YOUR INSTRUCTIONS
In the records below, the line that contains "Das integrierte weiße" marks the start. Copy it and each line after it through the end, exactly, without pictures.

INFORMATION SUPPLIED
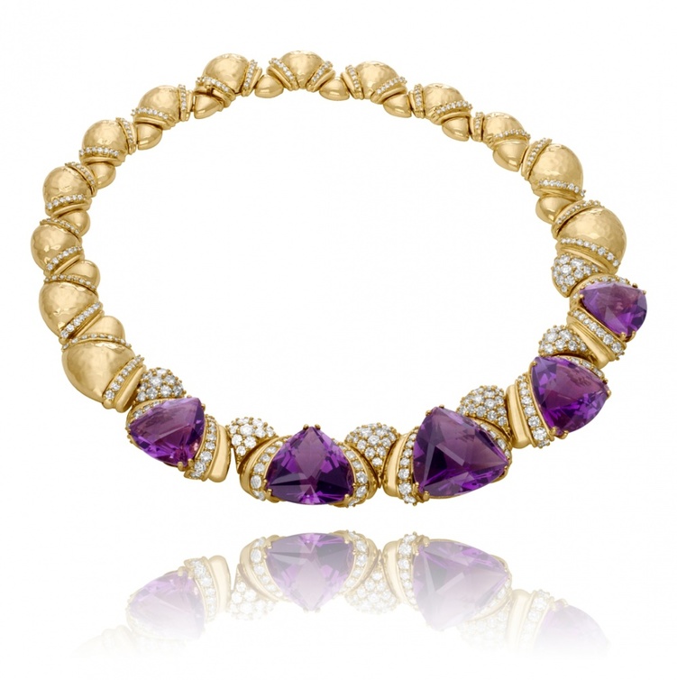 ولتتوهج إطلالتك كان لا بد من إختيار عقد مميز بلون بنفسجي وبتصميم قمة في الأناقة... انه مزيج من الذهب الأصفر والزمرد والماس.
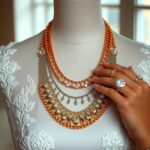 If vintage is more your style, opt for classic touches like pearls and lace gloves. The layered pearls shown in the image are a perfect example of vintage wedding jewelry that can elevate a traditional dress. Mixing these accessories with your gown will create a timeless look.
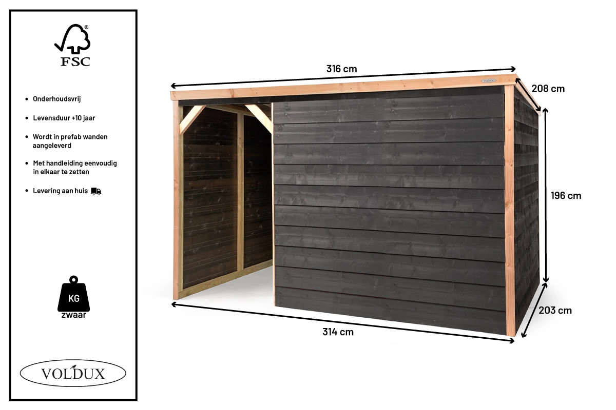 | Buitenwerkse afmetingen incl. dak (BxDxH) | 316x208x196cm |
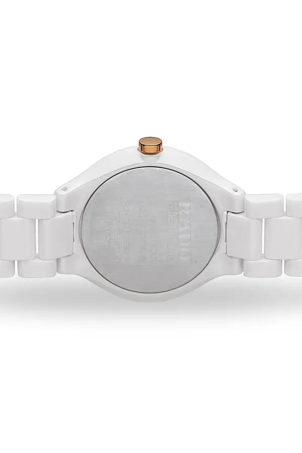 Das integrierte weiße Keramikarmband fügt sich nahtlos in das Gehäuse ein und bietet höchsten Tragekomfort. Mit einer Wasserdichtigkeit von 30 m (3 ATM) eignet sich die Uhr perfekt für den Alltag. Die Rado True Thinline R27958722 steht für moderne Weiblichkeit, Leichtigkeit und zeitloses Design – ideal für Liebhaberinnen dezenter Eleganz.
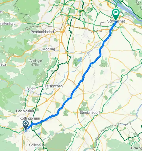Er beginnt im Südosten in Wien/Lanzendorf und verläuft durch Himberg – Achau – Münchendorf – Trumau – Oberwaltersdorf – Tattendorf – Teesdorf – Günselsdorf – Schönau an der Triesting. Es besteht in Schönau an der Triesting Anschluss zum EuroVelo 9 (Thermenradweg) in Richtung Wien und Wiener Neustadt.

RESULT OF THE EXERCISE
 Das integrierte weiße Keramikarmband fügt sich nahtlos in das Gehäuse ein und bietet höchsten Tragekomfort. Mit einer Wasserdichtigkeit von 30 m (3 ATM) eignet sich die Uhr perfekt für den Alltag. Die Rado True Thinline R27958722 steht für moderne Weiblichkeit, Leichtigkeit und zeitloses Design – ideal für Liebhaberinnen dezenter Eleganz.
Er beginnt im Südosten in Wien/Lanzendorf und verläuft durch Himberg – Achau – Münchendorf – Trumau – Oberwaltersdorf – Tattendorf – Teesdorf – Günselsdorf – Schönau an der Triesting. Es besteht in Schönau an der Triesting Anschluss zum EuroVelo 9 (Thermenradweg) in Richtung Wien und Wiener Neustadt.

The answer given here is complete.